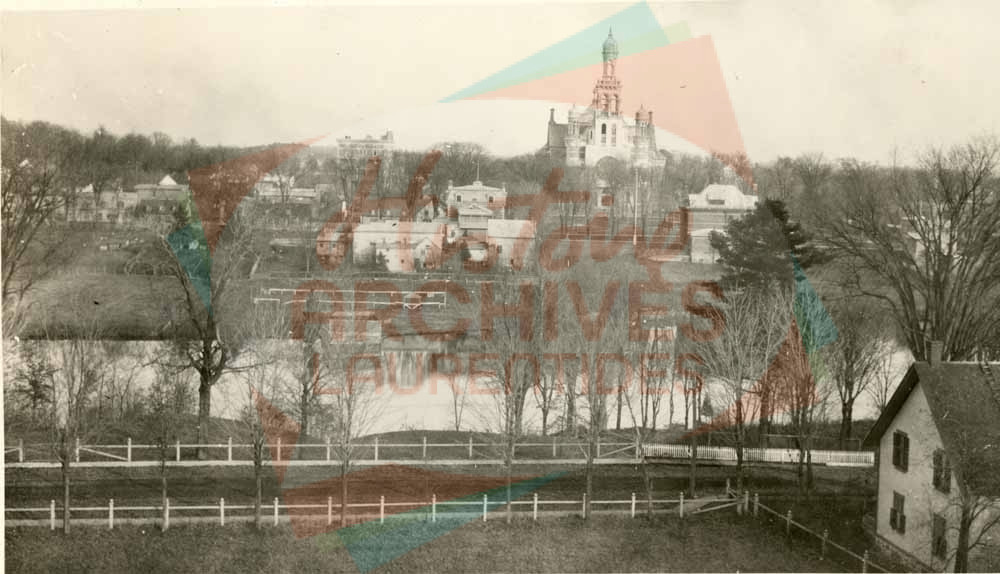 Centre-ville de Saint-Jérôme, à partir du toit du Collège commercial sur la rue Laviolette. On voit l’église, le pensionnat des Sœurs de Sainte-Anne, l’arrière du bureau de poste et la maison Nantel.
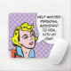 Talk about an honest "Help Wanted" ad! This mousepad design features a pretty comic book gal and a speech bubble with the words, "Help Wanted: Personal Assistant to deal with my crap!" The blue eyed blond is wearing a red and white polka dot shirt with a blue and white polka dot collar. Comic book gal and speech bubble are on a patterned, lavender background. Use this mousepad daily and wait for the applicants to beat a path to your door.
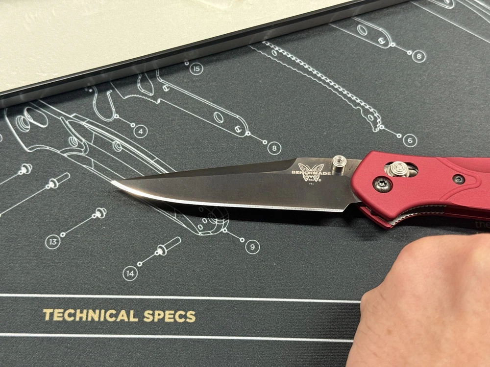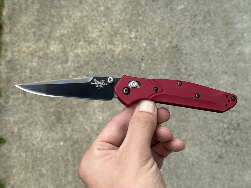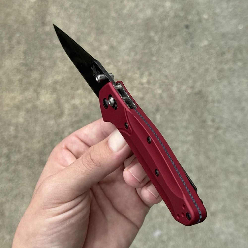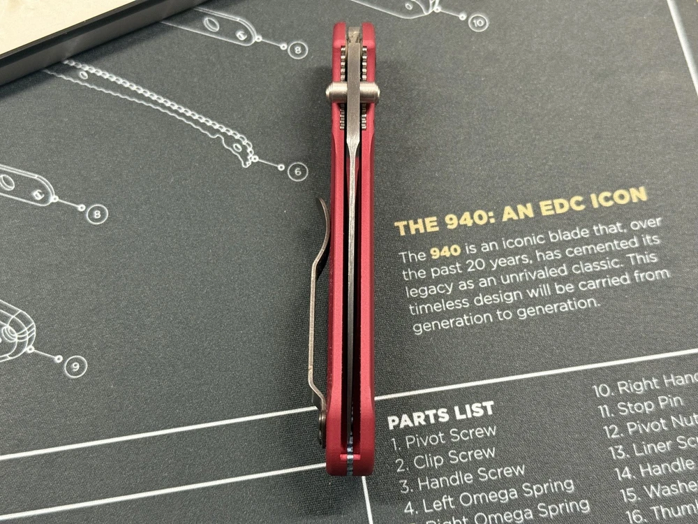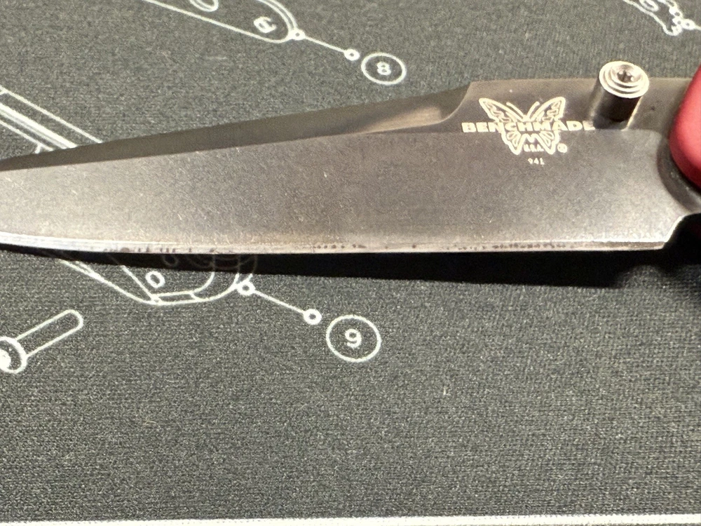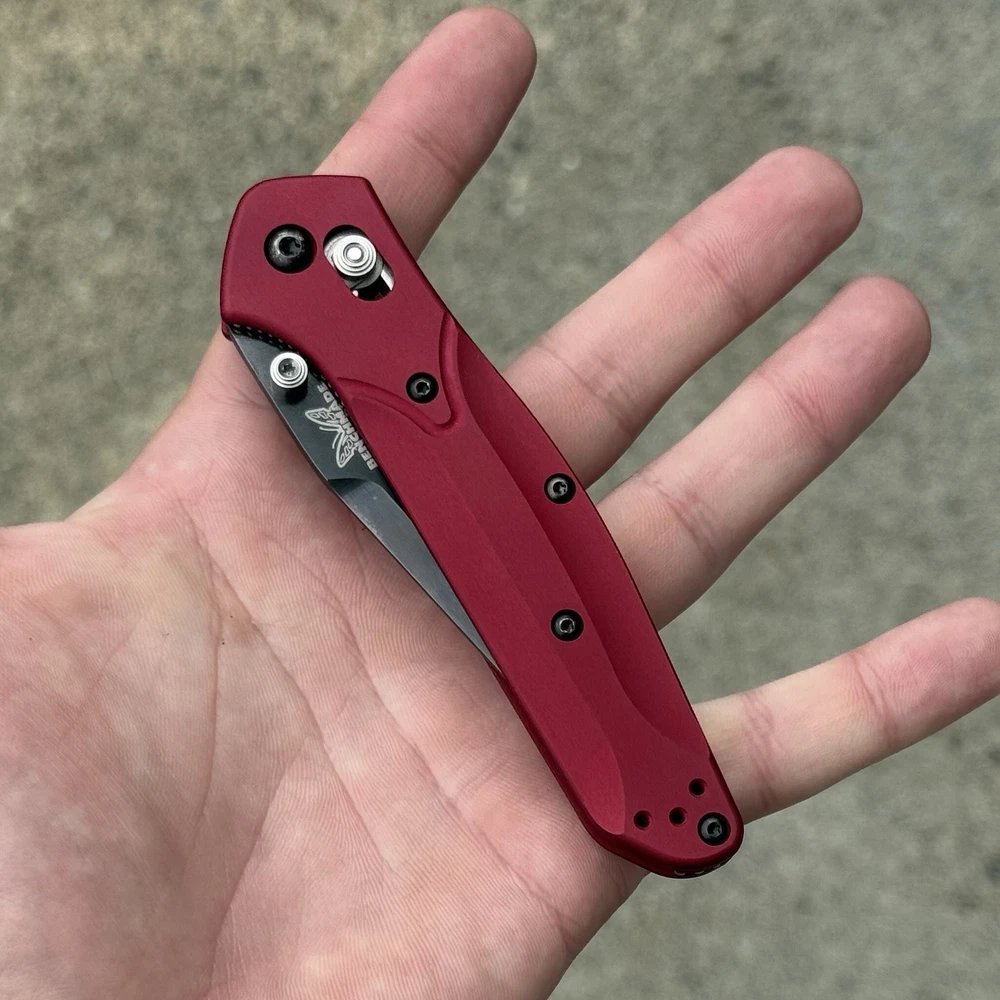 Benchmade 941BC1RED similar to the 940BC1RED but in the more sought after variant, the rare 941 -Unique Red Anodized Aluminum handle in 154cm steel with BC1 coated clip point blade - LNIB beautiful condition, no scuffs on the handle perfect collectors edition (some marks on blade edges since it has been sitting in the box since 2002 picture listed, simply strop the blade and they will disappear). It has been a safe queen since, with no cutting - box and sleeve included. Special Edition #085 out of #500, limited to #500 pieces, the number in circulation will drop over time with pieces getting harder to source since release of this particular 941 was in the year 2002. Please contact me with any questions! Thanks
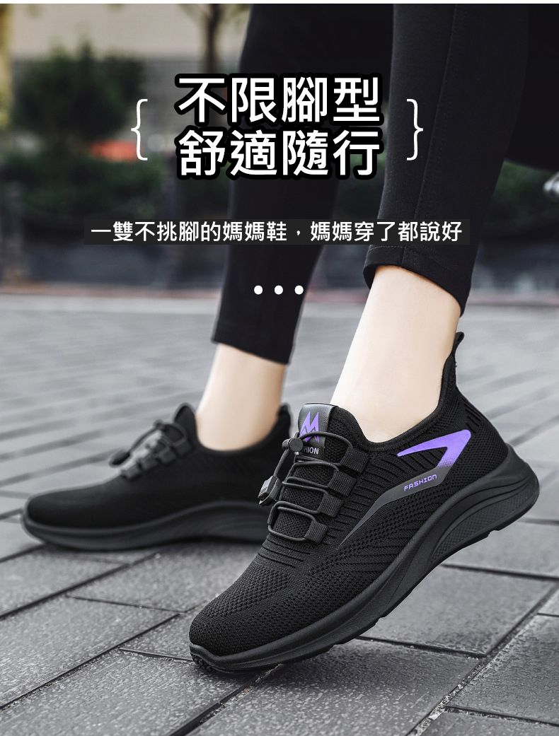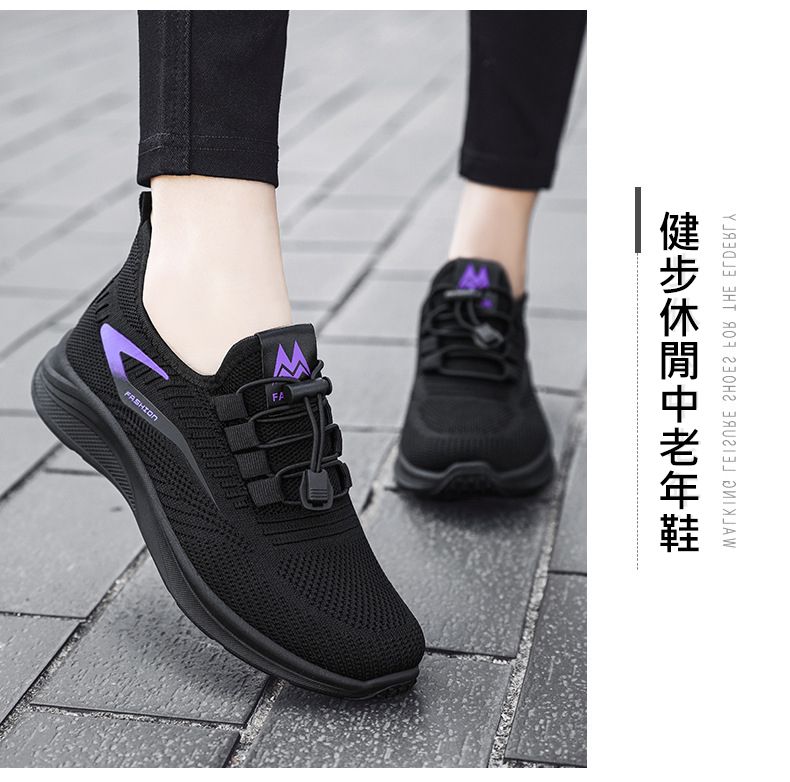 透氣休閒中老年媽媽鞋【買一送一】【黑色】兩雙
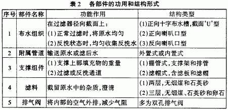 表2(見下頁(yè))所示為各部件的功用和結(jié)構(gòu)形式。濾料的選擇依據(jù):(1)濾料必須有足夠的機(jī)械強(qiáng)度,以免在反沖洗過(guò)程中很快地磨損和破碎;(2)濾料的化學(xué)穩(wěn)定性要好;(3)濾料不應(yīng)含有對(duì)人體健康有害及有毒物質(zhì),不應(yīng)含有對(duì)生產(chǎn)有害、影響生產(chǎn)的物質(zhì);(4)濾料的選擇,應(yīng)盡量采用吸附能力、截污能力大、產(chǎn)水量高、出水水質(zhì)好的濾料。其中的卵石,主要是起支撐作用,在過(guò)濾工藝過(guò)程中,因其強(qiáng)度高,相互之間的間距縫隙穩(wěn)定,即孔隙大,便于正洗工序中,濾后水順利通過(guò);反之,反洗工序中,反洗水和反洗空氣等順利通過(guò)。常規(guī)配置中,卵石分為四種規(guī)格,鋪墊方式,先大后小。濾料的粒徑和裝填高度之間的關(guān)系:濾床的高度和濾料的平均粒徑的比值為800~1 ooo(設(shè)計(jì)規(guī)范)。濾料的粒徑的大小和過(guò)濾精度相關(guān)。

========

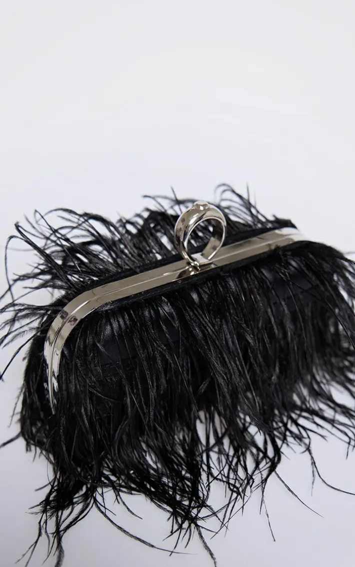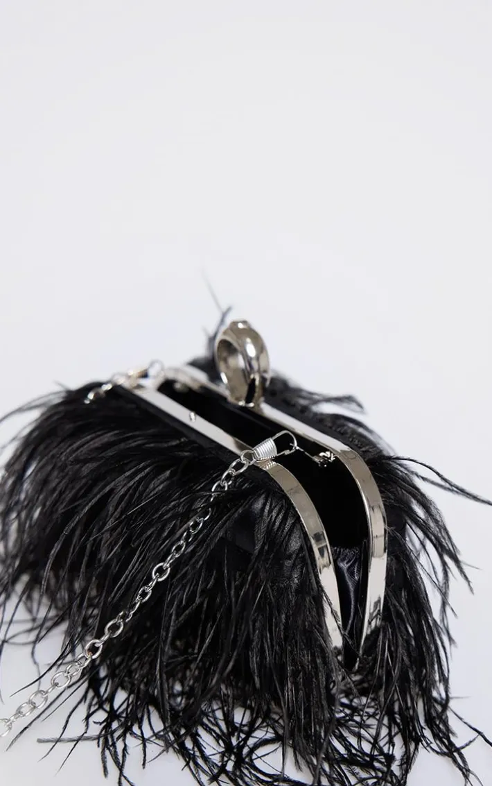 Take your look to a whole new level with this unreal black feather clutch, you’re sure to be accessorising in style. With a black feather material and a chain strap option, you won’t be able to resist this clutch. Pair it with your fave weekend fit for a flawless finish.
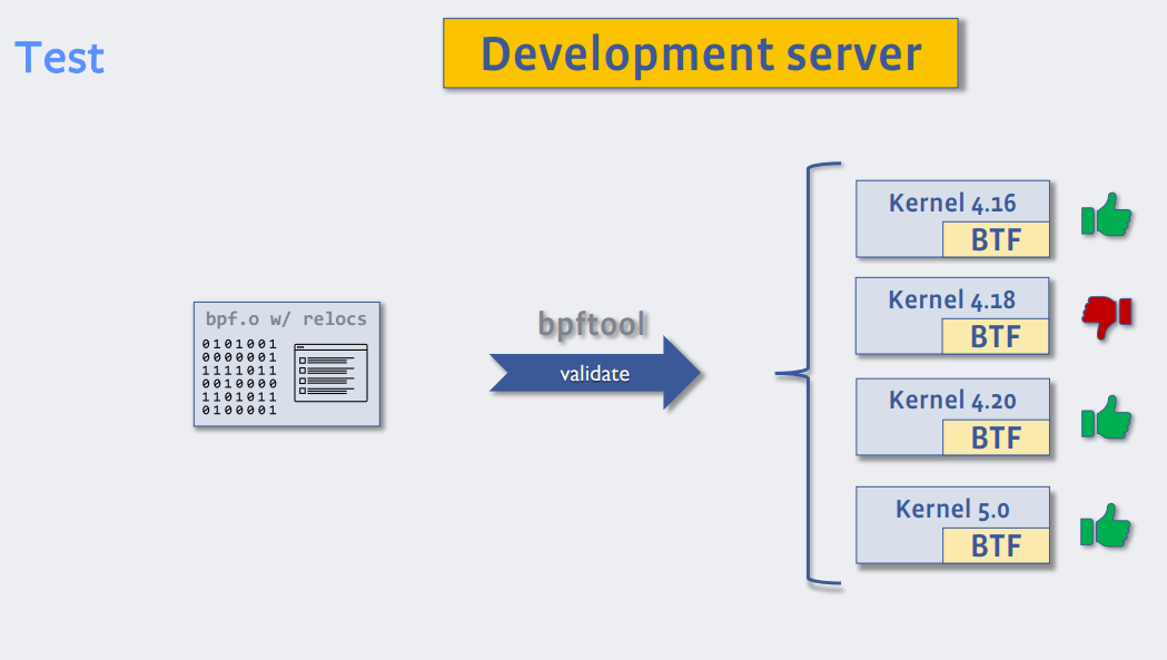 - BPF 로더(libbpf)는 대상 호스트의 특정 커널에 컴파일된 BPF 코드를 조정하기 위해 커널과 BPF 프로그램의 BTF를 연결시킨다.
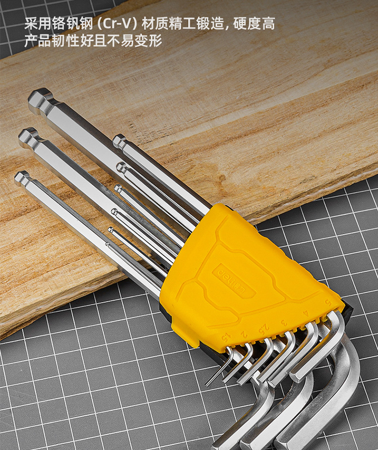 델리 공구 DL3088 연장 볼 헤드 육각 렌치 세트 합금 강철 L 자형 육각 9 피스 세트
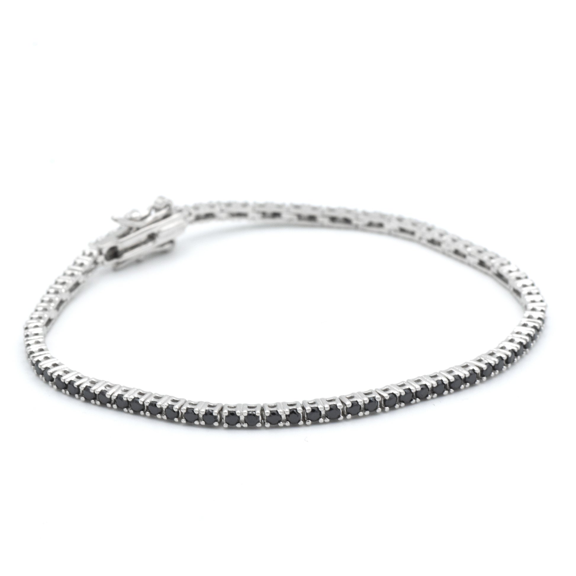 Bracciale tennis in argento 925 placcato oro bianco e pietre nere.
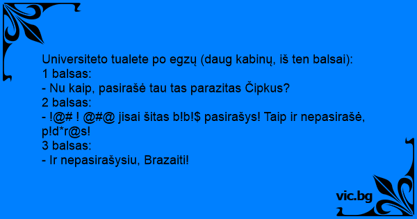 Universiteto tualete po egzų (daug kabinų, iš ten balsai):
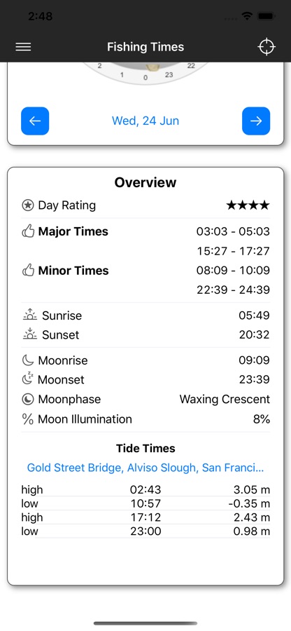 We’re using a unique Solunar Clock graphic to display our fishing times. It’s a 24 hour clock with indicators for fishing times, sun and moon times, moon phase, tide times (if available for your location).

========

## THE TASK
Precisely those lines above that run from the line with "Bracciale tennis in" up to and including the line with "We’re using a" are to be set down, with the pictures omitted.

## RESULT OF THE TASK
 Bracciale tennis in argento 925 placcato oro bianco e pietre nere.
 Universiteto tualete po egzų (daug kabinų, iš ten balsai):
 We’re using a unique Solunar Clock graphic to display our fishing times. It’s a 24 hour clock with indicators for fishing times, sun and moon times, moon phase, tide times (if available for your location).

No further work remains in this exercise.